Designing A Simple Url Shortening Service A TinyURL Approach - System Design

System requirements

Functional:

user submits long url, gets short url back
user navigates to long url, gets redirected to short url
track analytics for clicked links
custom short url value

out of scope:

editing previous redirects
authentication
display analytics

Non-Functional:

List non-functional requirements for the system...

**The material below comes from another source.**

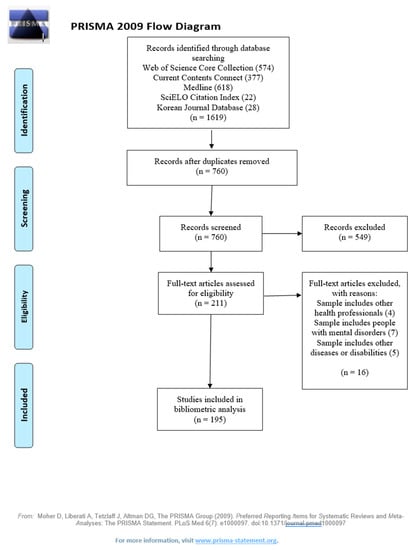 Scientific journals are the main means of validating new knowledge and disseminating it within the research community and to society and its agents [15]. Bibliometric analyses are increasingly used in the medical sciences because they facilitate the evaluation of published scientific research results and analysis of both scientific productivity on a given topic and the impact of research on a specific topic in terms of visibility, trends and future inquiry. However, few such bibliometric studies were conducted in the field of nursing and psychiatry [16,17], although nursing is one of the health professions that can make the greatest contribution to the treatment and recovery of individuals suffering from mental illness.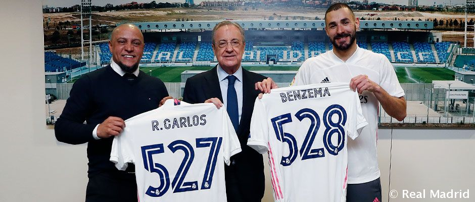 有统计数据显示,本场比赛是本泽马代表皇马出场的第528场比赛。而这也让他超过了前辈卡洛斯(代表皇马出战527场),成为了皇马队史出场次数最多的非西班牙球员。

high availability >> consistency
fast creation and resolution of redirects, < 100ms
scalable to handle surges in traffic and growth

Capacity estimation

dau

500M internet users
1% user url shorteners
20% market share
1 url shortened per day
1M DAU for writes
10 tps
10:1 read/write ratio
100 qps

storage

1M redirects saved per day
1K for redirect & short url etc
1GB data per day
*2 for redundancy
*2 for backups
400 day/year
1.6 TB per year

API design

create redirect:

POST /api/v1/redirect/create

body: {

long_url: string,

short_path?: string,

}

response: {

short_path: string,

}

error: 409, short_path already exists

GET /:short_path

=> 302 temporary redirect to long url

error => 404 not found

note: 302 instead of 301 for better analytics. trade-off higher load

Database design

short_url

short_path: string (primary key)
long_url: string
click_count: int

High-level design

You should identify enough components that are needed to solve the actual problem from end to end. Also remember to draw a block diagram using the diagramming tool to augment your design...

Request flows

create redirect:

POST /api/v1/redirect/create
API Gateway -> LB -> Shorten Service
generate short_path if not provided
write to DB if not exist
success?
reply to user
fail?
error message to user if custom short_path
retry N times if generated short_path, else error message to user

consume redirect

GET /:short_path
AG -> LB -> Redirect Service
aggregate click count

Detailed component design

unique short_url generation:

use lower case + digits for easy typing: 26+10 = base 36
8 chars at base 36 will give about 3T possibilities
3M days at 1M per day
=> low chance of conflict and retries
can ensure uniqueness across nodes by generating from:
8 bits for server id
40 bits for timestamp
16 bits for increment reset every second
=> convert to base 36

scale write speeds:

for better write speeds can partition or shard DB on :short_path
when sharding, we can partition by hash ranges to avoid short_path conflicts across shards

scale read speeds:

read replicas
cache for redirect service

click aggregator:

send click info to durable stream like kafka
worker aggregates clicks for short urls and batch updates click_count in db

Trade offs/Tech choices

postgres for DB, optimized for read vs writes.
key-value store like DynamoDB could've also easily worked
SQL allows transactions or more complex queries for future updates
data is highly structured and app is read-heavy, also suitable for b-tree DB

hash

only lower case. upper case would give base 62 and allow for shorter urls
but only 1 character shorter and much worse UX for user, especially mobile bc random uppercase chars can be tedious to type

Availability >> Consistency for reads

eventual consistency is acceptable for handling redirects
unavailable service would have much worse UX than temporarily stale data

Consistency >> Availability for writes

not acceptable to ignore :short_path conflict
users should have confidence that their :short_path wasn't reused by other users
reads are eventually consistent, which is a good trade-off since it allows higher availability.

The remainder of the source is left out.